Set down the records exactly, and omit any image found in them.

▸ Given records
..........
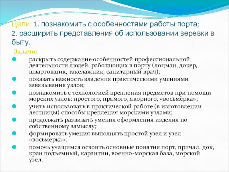 помочь учащимся освоить основные понятия порт, причал, док, кран подъемный, карантин, военно-морская база, морской узел.
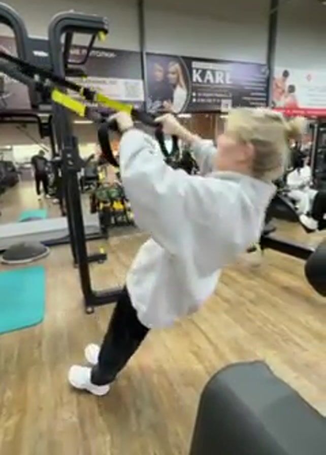 A woman is shown using a black and yellow suspension training system in a gym. She’s wearing a light gray sweatshirt, black pants, and white athletic shoes. Her blonde hair is up in a bun. She pulls herself up repeatedly, leaning backwards into the exercise. The gym has various machines, a wooden floor, and other people working out in the background. A blue yoga mat rests on the floor nearby. There is an advertisement poster on the wall that says “KARE.”
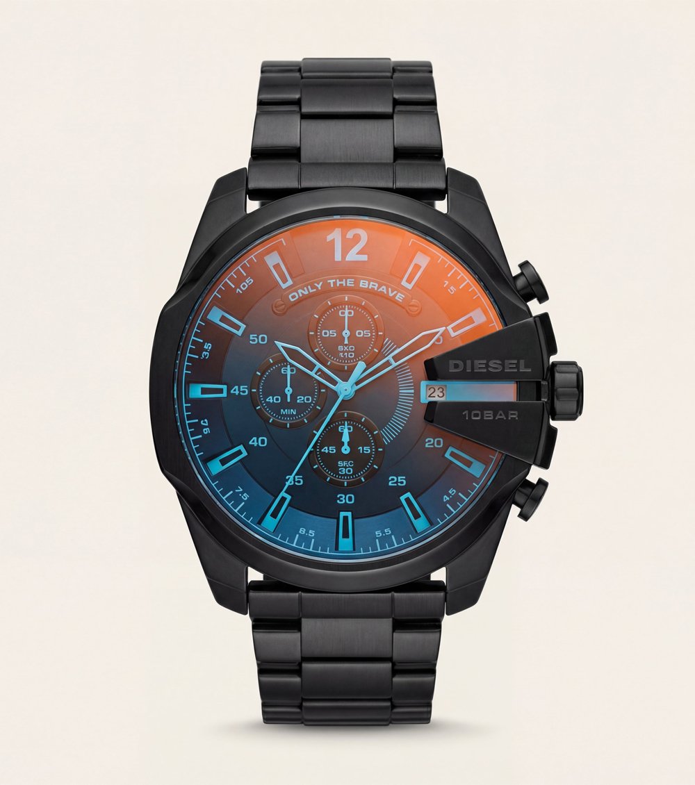 This bold Men’s chronograph watch showcases a striking dual-tone gradient dial that blends deep blue with vibrant orange for a powerful, modern look. The oversized round case and solid black steel bracelet give it a strong wrist presence, while the multi-subdial chronograph layout adds both functionality and sport appeal.
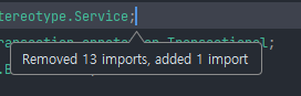 ● 3. 해당 단축키를 사용하면 "Removed 13 imports, added 1 import" 이런 식으로 삭제한 import의 숫자를 카운팅 해줍니다.
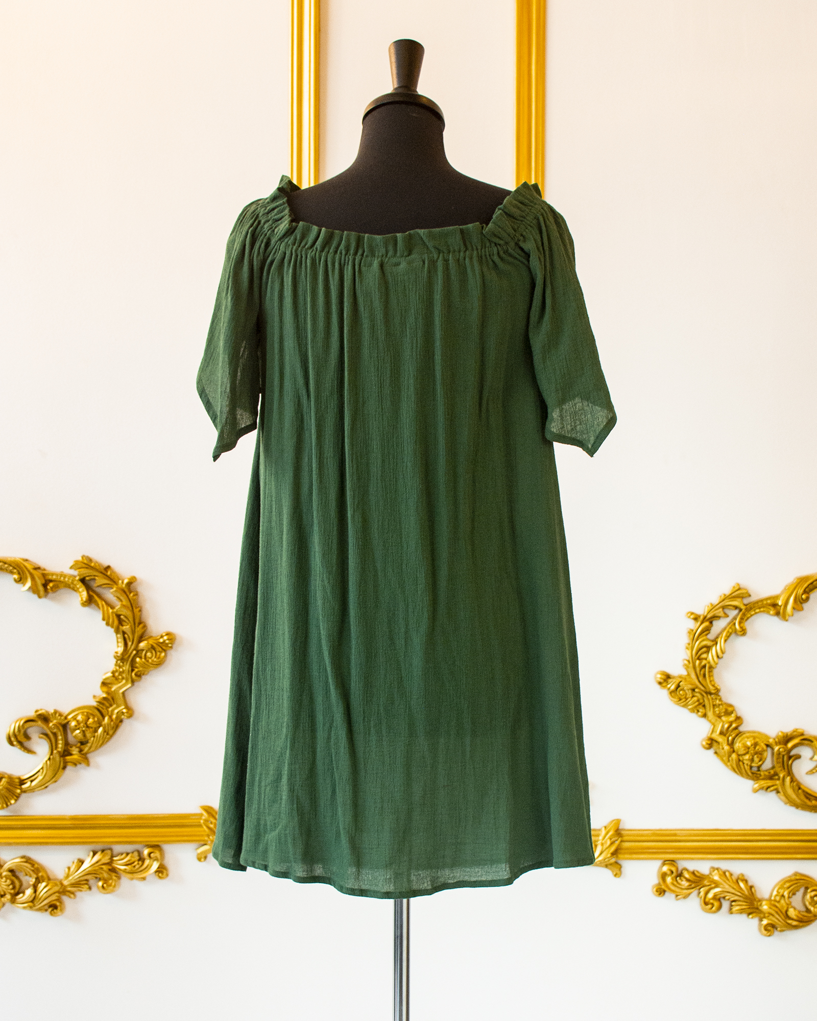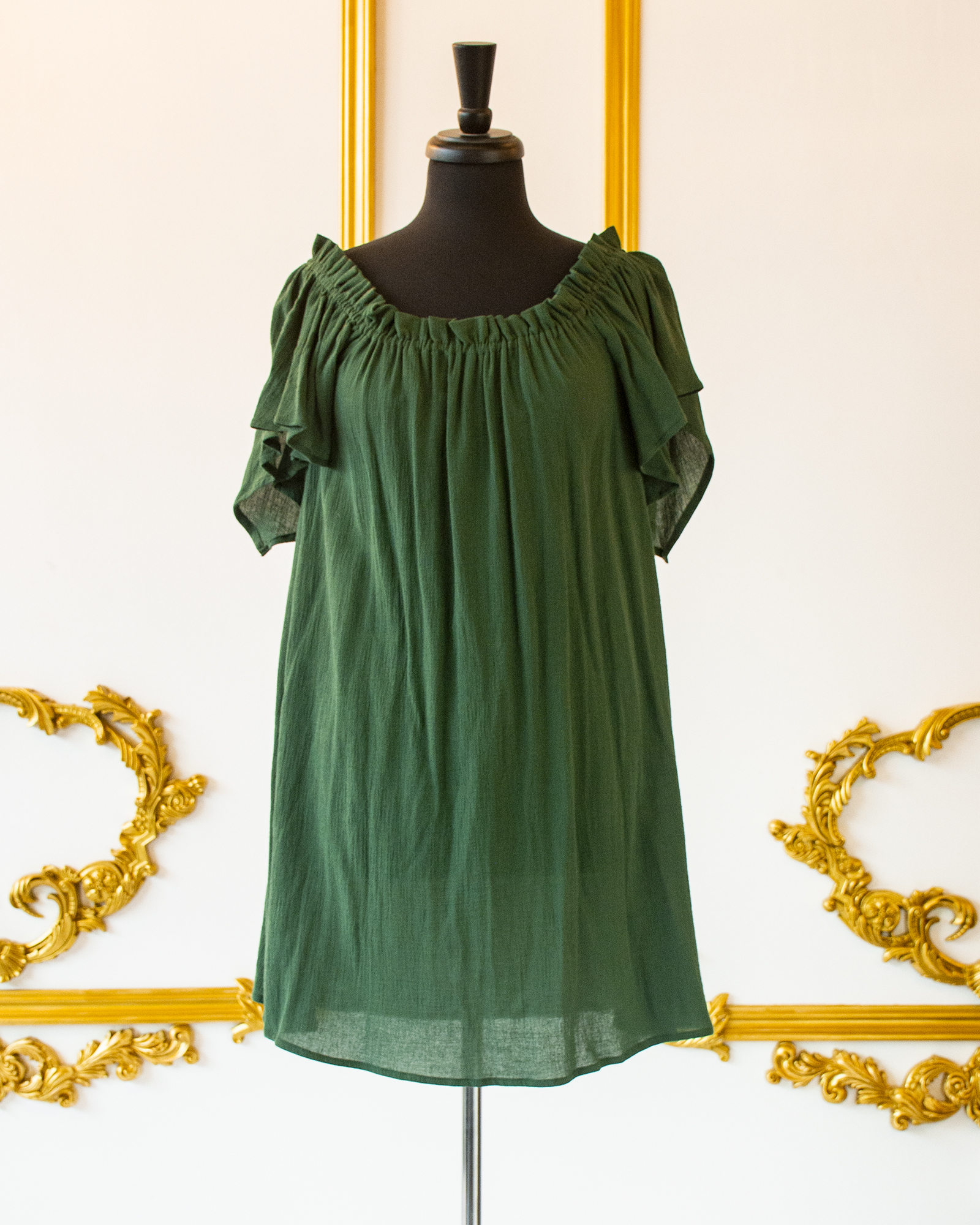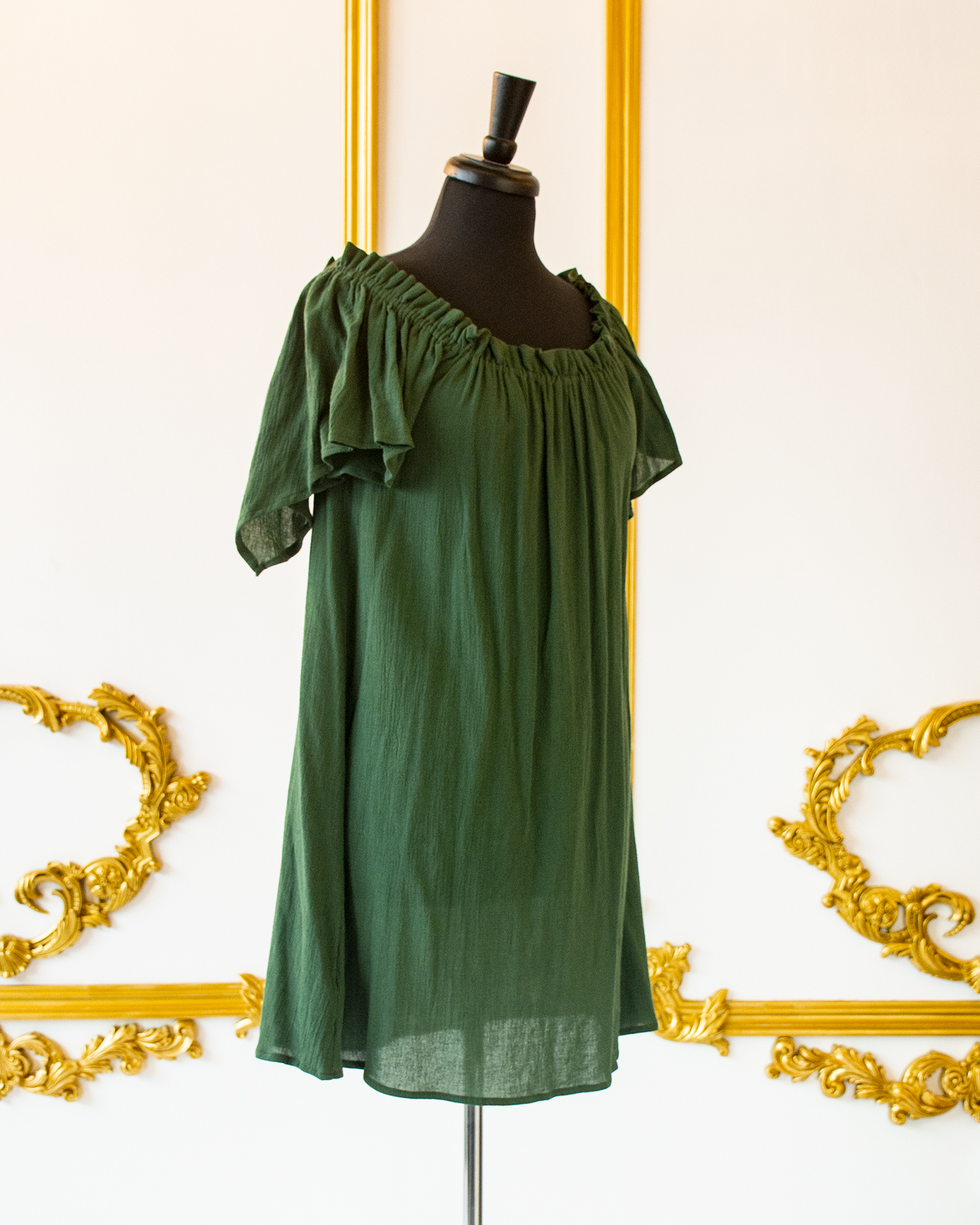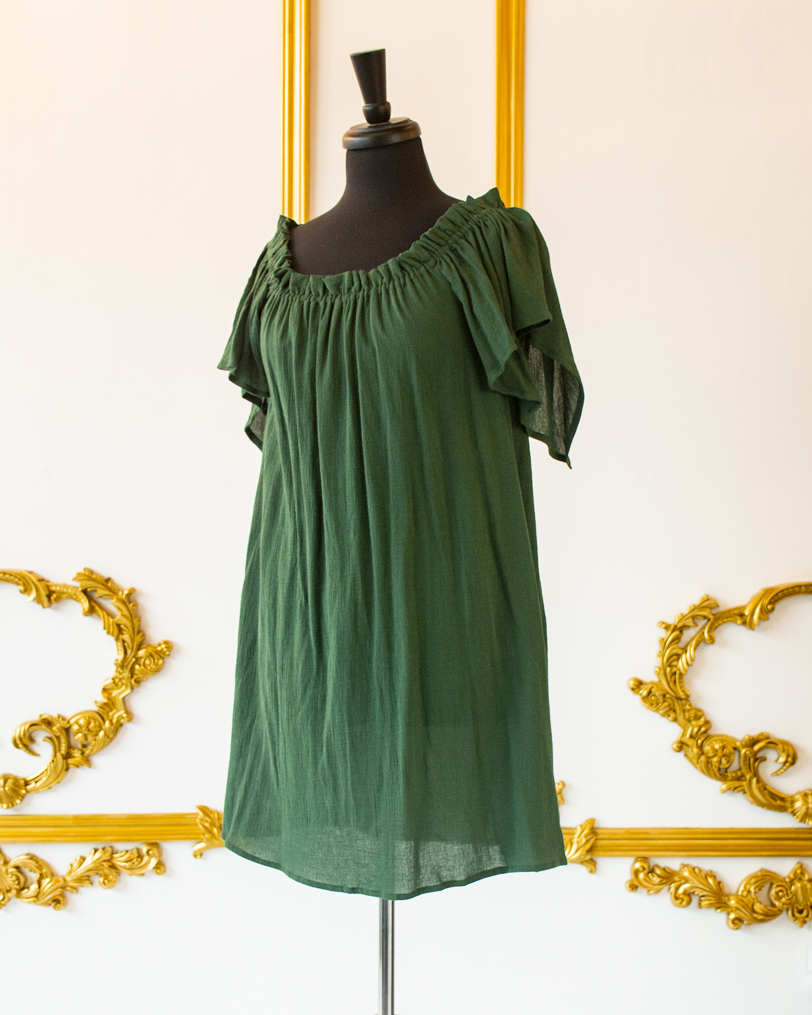 This Hunter Green Flutter Sleeved Chemise is great for layering with corsets, skirts, belts, and sashes for your Renaissance, Pirate, or Steampunk wear. The elasticated neckline allows you to wear it over the shoulders or off the shoulders, and the sleeves are full, over-sized short sleeves that come to a point in back. The body of the chemise flares from the bust down to the hem.
..........
▸ Task result
 помочь учащимся освоить основные понятия порт, причал, док, кран подъемный, карантин, военно-морская база, морской узел.
 A woman is shown using a black and yellow suspension training system in a gym. She’s wearing a light gray sweatshirt, black pants, and white athletic shoes. Her blonde hair is up in a bun. She pulls herself up repeatedly, leaning backwards into the exercise. The gym has various machines, a wooden floor, and other people working out in the background. A blue yoga mat rests on the floor nearby. There is an advertisement poster on the wall that says “KARE.”
 This bold Men’s chronograph watch showcases a striking dual-tone gradient dial that blends deep blue with vibrant orange for a powerful, modern look. The oversized round case and solid black steel bracelet give it a strong wrist presence, while the multi-subdial chronograph layout adds both functionality and sport appeal.
 ● 3. 해당 단축키를 사용하면 "Removed 13 imports, added 1 import" 이런 식으로 삭제한 import의 숫자를 카운팅 해줍니다.
 This Hunter Green Flutter Sleeved Chemise is great for layering with corsets, skirts, belts, and sashes for your Renaissance, Pirate, or Steampunk wear. The elasticated neckline allows you to wear it over the shoulders or off the shoulders, and the sleeves are full, over-sized short sleeves that come to a point in back. The body of the chemise flares from the bust down to the hem.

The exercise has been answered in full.